→ **WORK REQUIRED**
Go to the line below that contains "1、2020年歐洲累計(jì". From there to the end of the records, reproduce each line exactly, except the pictures.

(INPUT DATA begins)

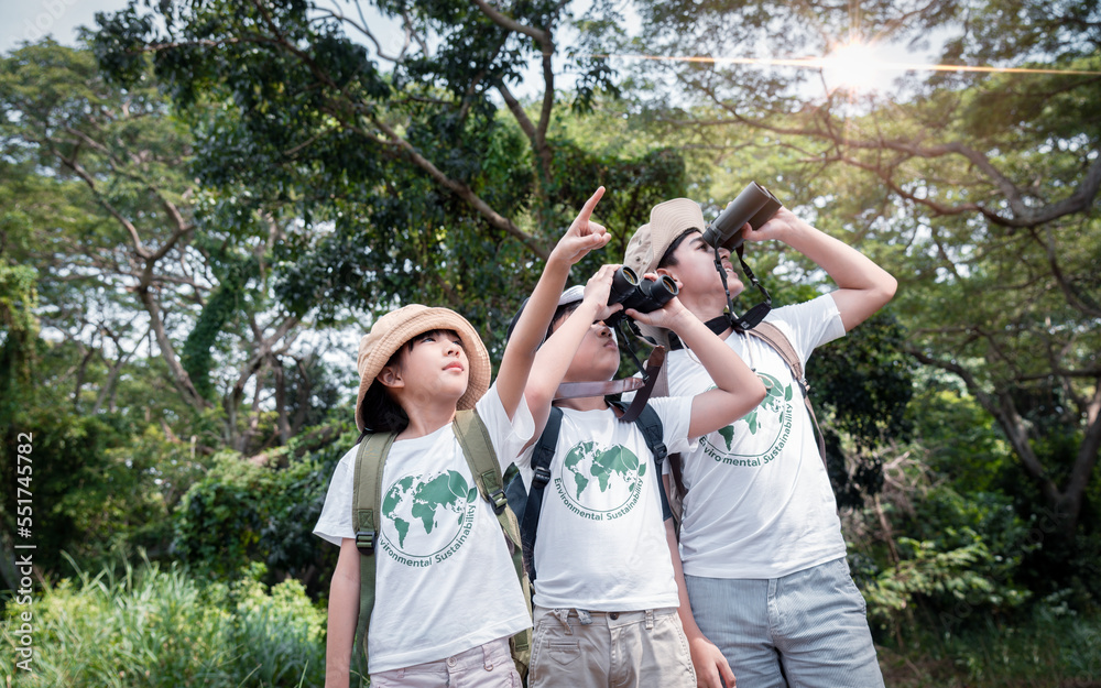 Happy children with binoculars holds hands and looks into distance and something joyfully screams they wearing save world t-shirt with forest nature summer travel holiday concept
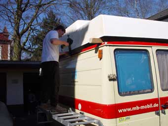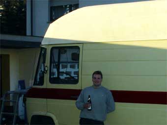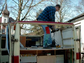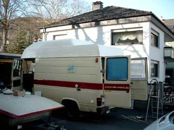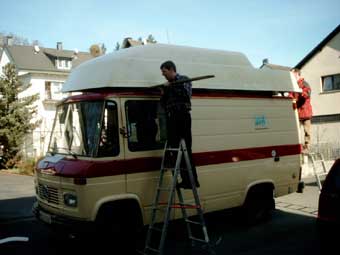 Somit konnte ich nun mit der Arbeit anfangen. Nach Rücksprache mit der ortsansässigen TÜV-Prüfstelle wurde vereinbart, daß die Spriegel 1:1 aus dem vorherigen Fahrzeug übernommen werden. An dem GFK-Hochdach hing nämlich noch ein Stück Auto. Das Dach wurde seinerzeit einfach mit ca. 10cm Blech von der ursprünglichen Karosserie getrennt.
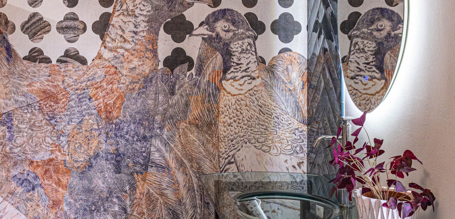 Băile combină ceramică glazurată cu tapet imprimat, fiecare element fiind gândit ca un cadru vizual propriu. Mobilierul din lemn de ulm oferă robustețe și textură caldă. Detaliile, finisaje, accente cromatice și materiale contrastante, conduc privirea de la un obiect la altul, construind o narațiune vizuală coerentă.
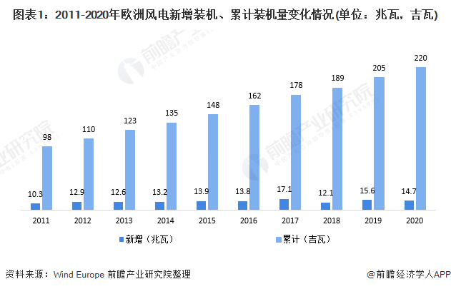 1、2020年歐洲累計(jì)風(fēng)電裝機(jī)量達(dá)220吉瓦
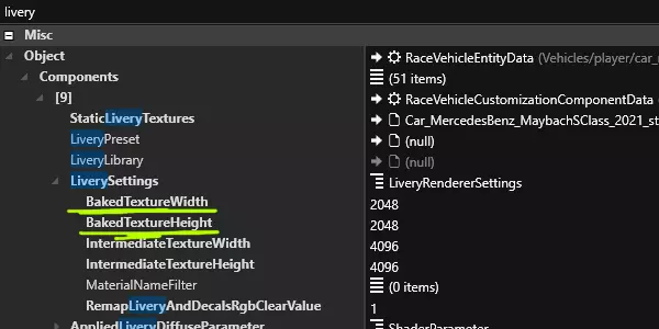 找到文件后,在搜索框中搜索“Livery”,展开搜索结果,直到找到“LiverySettings”。在该选项中,你会看到“BakedTextureWidth”和“BakedTextureHeight”。

(INPUT DATA ends)

→ **OUTPUT OF THE TASK**
 1、2020年歐洲累計(jì)風(fēng)電裝機(jī)量達(dá)220吉瓦
 找到文件后,在搜索框中搜索“Livery”,展开搜索结果,直到找到“LiverySettings”。在该选项中,你会看到“BakedTextureWidth”和“BakedTextureHeight”。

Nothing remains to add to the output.